Мой отец много беседовал с Мишей на различные темы. Я прислушивался к их беседам, хотя понимал очень мало. Миша часто от серьезных разговоров внезапно переходил на шутливый, задорный тон. Он заводил граммофон и начинал танцевать с Машенькой, чаще всего вальс «На сопках Маньчжурии».
Но скоро судьба сделала такой крутой поворот, что кончилась радость в нашем доме, кончилось и мое безоблачное детство. Бывают в жизни рубежи, когда скачкообразно изменяется восприятие внешних событий, после чего начинается новая фаза в жизни человека. Таким рубежом в моей жизни стал еврейский погром.
Помню начало погрома. Я пошел с матерью покупать овощи. Вдруг услышал душераздирающий крик женщины: «Спасите, убивают, ратуйте, гевалт!» Мать схватила меня за руку и стремительно бросилась в ту сторону, откуда раздался крик. Я увидел жуткую, омерзительную картину: какой-то человек бил ногами женщину, которая лежала на земле, ее лицо было залито кровью. В это же время около десятка каких-то типов грабили лавку, набивали карманы орехами, халвой, ирисками, мармеладом, опрокидывали корзины с яблоками. У черносотенца, избивавшего женщину, был огромный живот, низкий покатый лоб, на который падали спутанные, грязные волосы.
Он очень напоминал гориллу. Моя мать крикнула, обращаясь к стоявшим неподалеку мужчинам: «Что же вы смотрите, как избивают и грабят женщину, помогите ей, если у вас есть хоть капля человеческого чувства!» Никто из наблюдавших за избиением женщины не пошевелился. К базару подошли новые группы хулиганов, и начался грабеж всех еврейских лавочек и избиение беззащитных евреев. Крестьяне быстро запрягали лошадей и удирали, клетки с домашней птицей, стоявшие на телегах, были разбиты, и из них с кудахтаньем и шумом вылетали куры, гуси, утки. Евреи голосили, звали на помощь, но толпа городских обывателей безмолвствовала. Вдруг появился отряд всадников, среди которых все узнали известного кузнеца по прозвищу Мотл Полторажида. Кузнец отличался огромным ростом, богатырскими плечами и очень энергичным лицом. Вместе с ним прибыло около двух десятков человек: евреи-рабочие, студенты, русские интеллигенты. У некоторых в руках были железные прутья, у студентов – пистолеты. Это был отряд еврейской самообороны. Один из студентов с красивой русой бородкой обратился к черносотенцам, требуя немедленно прекратить погром. К нему подошел погромщик, похожий на гориллу, и потянул за куртку. Внезапно к этому погромщику подскочил Мотл Полторажида и нанес ему кулаком такой сильный удар, что горилла опрокинулся на спину и заревел во все горло хриплым голосом: «Христиане, жиды бьют нашего брата!»

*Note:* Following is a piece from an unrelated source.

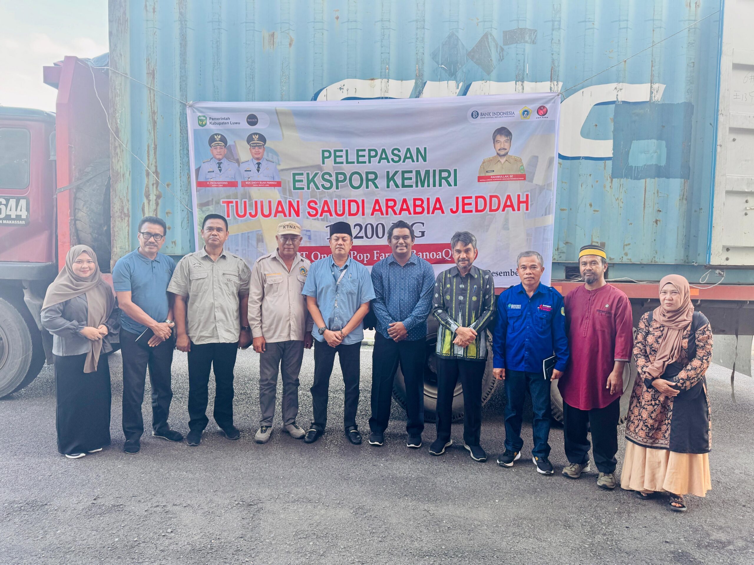 Dalam sambutannya, Plh Sekda Luwu, Muh. Rudi, menyampaikan bahwa pelepasan ekspor kemiri ini menjadi bukti bahwa Kabupaten Luwu memiliki potensi besar untuk mengembangkan komoditas lokal hingga menembus pasar internasional.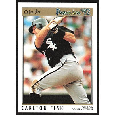 This is a 1992 O-Pee-Chee Premier Carlton Fisk baseball card. The card is #86 and pictures show condition.

Чем все кончилось, я не видел, пришел мой отец с Машенькой, они утянули нас домой. А погром принимал более широкие масштабы. Наша семья жила в доме торговца Гребенюка. Он с целью защиты своих жильцов-евреев на воротах нарисовал мелом большой крест, означавший, что в доме нет евреев. Евреи вели себя по-разному – одни усердно молились в синагоге, другие прятались, чаще всего в погребах. Спускали туда одеяла, подушки, детей и стариков. Молодежь готовилась к обороне, вооружались железными прутьями, дубинками. В городе было организовано несколько групп, в которые входили евреи, русские рабочие и студенты – социал-демократы, эсеры и анархисты. Мой отец предложил матери спуститься со мной в погреб, но она наотрез отказалась, взяла меня за руку и сказала: «Гришенька, будем сидеть во дворе, что будет, то будет, от судьбы никуда не уйдешь». Крепко засели в моей памяти эти слова моей матери, которые она часто повторяла. Этот фатализм мне неоднократно помогал, когда я попадал в беду. Мы с мамой просидели во дворе около часа, затем по деревянной приставной лестнице забрались на чердак. Там перед нами открывалась широкая панорама: степь, слободка, большая балка. Увидели, как слободские парни и девки и даже старушонки несли перины, подушки, граммофоны, стулья, награбленные в еврейских домах. Неожиданно небольшая группа всадников подлетела к этим грабителям и стала лупить их плетками. Грабители побросали награбленное добро и с криком убежали в сторону слободки. Район слободки был основной базой, где Союз Михаила Архангела набирал погромщиков. В нашем доме первый день погрома прошел без происшествий. Вечером сидели, не зажигая лампы, настроение у всех было тяжелое. Неожиданно появился Миша Альтзицер. В руках он держал толстый железный прут, его глаза лихорадочно блестели, лоб был покрыт потом. Миша сообщил: «Мы узнали, что сегодня ночью банды черносотенцев намерены устроить большую бойню, среди них много и уголовников. Полиция не вмешивается. Мы можем надеяться только на себя и на наших друзей, необходимо от обороны переходить к наступлению».